5. **Dialogue** — talking-head with native dialogue, **or** no-dialogue performance + voice-over in
   post. *Default to no-dialogue + VO: cleaner footage, higher keeper rate, language-agnostic.*

Summarize the choices in one line, then go.

---

## Step 1 — Product (GPT Image 2)

Everything downstream inherits the product shot — build it first, build it well.

- Generate a batch of **low-res drafts** in one call, pick the strongest, regenerate a few variants on
  feedback, then lock **one clean high-detail final**.
- Shoot it **3:4 portrait** (you're feeding video, not a square catalog grid).
- **The label wraps the bottle 360°** — a rectangular sticker reads as a mockup.
- **Premium-but-mass-market** — clean bottle, brushed-metal cap, embossed brand, serif name (the
  "looks expensive, sells to everyone" shelf feel). **Not** sterile ultra-minimalism (a bare white
  bottle reads niche/unfinished). Slim, rounded, aspirational; vertical text on slim bottles.
- **Don't put camera-body specs in product prompts** — save lens talk for the video stage.

> A great reference beats a long prompt. The product still is the most-reused asset in the ad
> (cutaway, demo, close) — invest here and everything after gets easier.

---

## Step 2 — Creator / Avatar (GPT Image 2)
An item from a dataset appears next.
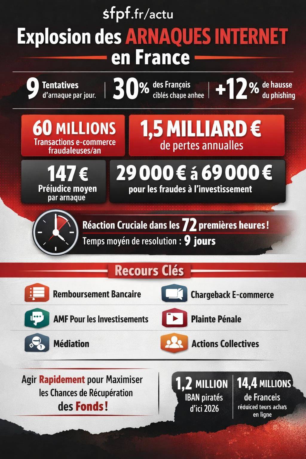 « Près de 38 % des personnes touchées par une arnaque internet déclarent avoir effectivement perdu de l’argent. La réaction juridique dans les premiers jours influence fortement les chances de récupérer une partie des fonds. »
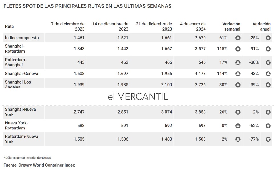El transporte marítimo de contenedores está inmerso en una espiral alcista de fletes spot con la crisis del Mar Rojo como principal vector. Según los últimos datos del Índice Mundial de Contenedores de la consultora británica Drewry, publicados este jueves, los precios spot han aumentado el 61% en el transcurso de apenas una semana, hasta los 2.670 dólares por contenedor de 40 pies. La cifra también está el 25% por encima de la experimentada en la misma semana de 2022. Además, el flete está ahora el 88% por encima de las tarifas medias prepandemia, que eran del orden de 1.420 dólares, han recordado desde Drewry. En este contexto y ante la persistencia de la crisis en el Mar Rojo, los analistas prevén que los fletes entre Asia y Europa mantengan la escalada en las próximas semanas, especialmente en las rutas con el Mediterráneo, que serán, de lejos, las más afectadas por el incremento de la distancia motivada por el desvío por el Cabo de Buena Esperanza.

- **For the US market, say it out loud** in the prompt: "American / US social-media creator vibe,
  raised in the US."
- **Relatable, not editorial** — the normal, approachable girl/guy-next-door, the person you'd stop
  on in the feed. A supermodel kills UGC.
- Build a **4-angle character sheet** (front, left profile, right profile, full profile).
- **Cut the sheet into four separate frames and use those as the custom avatar — never the grid.**
  A grid input causes identity drift; separate frames keep the face consistent shot to shot. Check
  one frame so the face isn't cropped.
- (Image models hard-block underwear even "tasteful." Use **activewear** — sports bra + leggings.)

---

## Step 3 — Storyboard / Script

Use the validated **6-beat "Disguise / Sell"** structure:

1. **Hook (~1.5s)** — a negative emotion, problem, or curiosity gap. *Never the product itself.*
2. **Relatable scene** — a real moment so the viewer leans in.
3. **Aikido reveal** — the product arrives as the inevitable answer, not "a word from our sponsor."
4. **Proof** — a live, uncut demo; the effect here and now, with an oddly-specific number/mechanism.
5. **Reviews** — the skepticism shield ("don't believe me? look at the reviews").
6. **Close** — value, scarcity, "link below."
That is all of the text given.